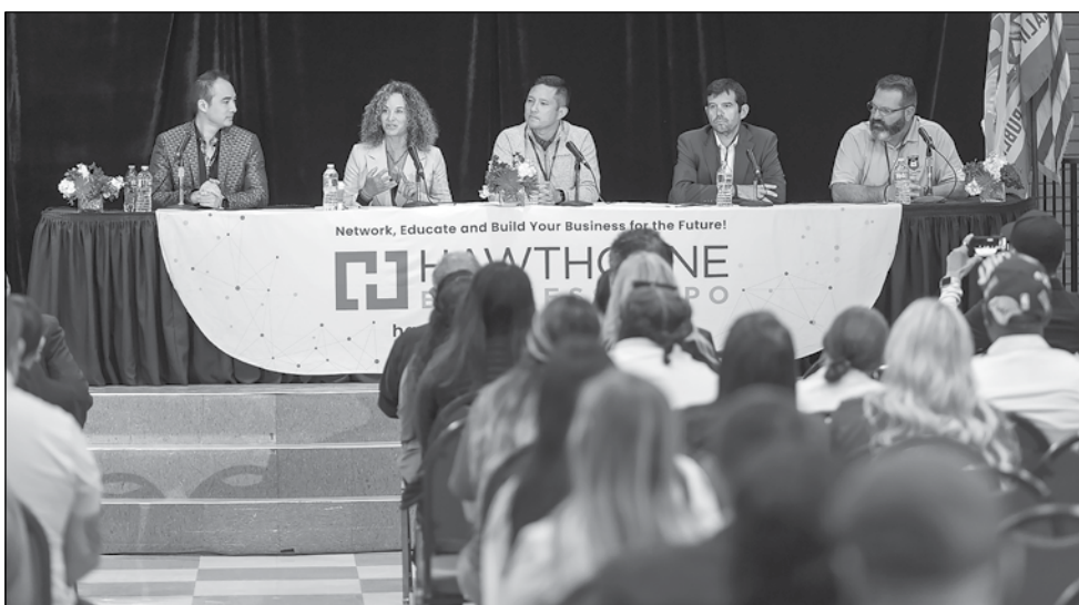
Business Expo Seminar.
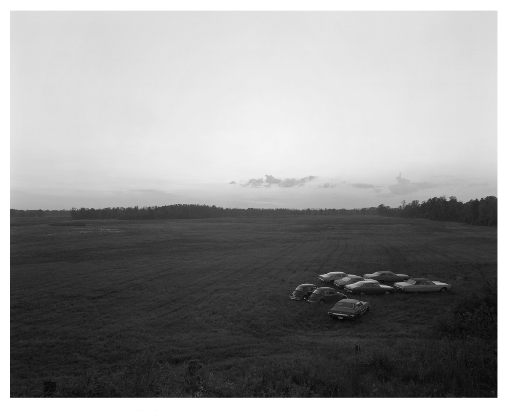
Montgomery, Alabama, 1984
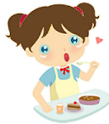
Figure 1. Images displayed for one of the sentences in the Iconic/Natural/Before condition, “The girl blew out the candles before she ate the cake.” The image on the left reflects the correct response to “What happened first?” and the right-hand image is the foil.
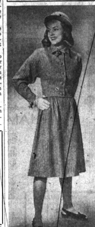
Grey and black striped men's wear suiting in a Junior suit with basque jacket.

THE BASQUE JACKET rates top honors in suits for Juniors this Fall, with the bolero competing. The new 1946-47 versions by New York designers make use of striped men's wear wools, pin-check, grey flannels and bright colors in tweeds and wool jerseys.

» **What to work on**:
An exact reproduction of the data is needed, with no pictures included.

» **Answer to the exercise**:
Business Expo Seminar.
Montgomery, Alabama, 1984
Figure 1. Images displayed for one of the sentences in the Iconic/Natural/Before condition, “The girl blew out the candles before she ate the cake.” The image on the left reflects the correct response to “What happened first?” and the right-hand image is the foil.
Grey and black striped men's wear suiting in a Junior suit with basque jacket.

THE BASQUE JACKET rates top honors in suits for Juniors this Fall, with the bolero competing. The new 1946-47 versions by New York designers make use of striped men's wear wools, pin-check, grey flannels and bright colors in tweeds and wool jerseys.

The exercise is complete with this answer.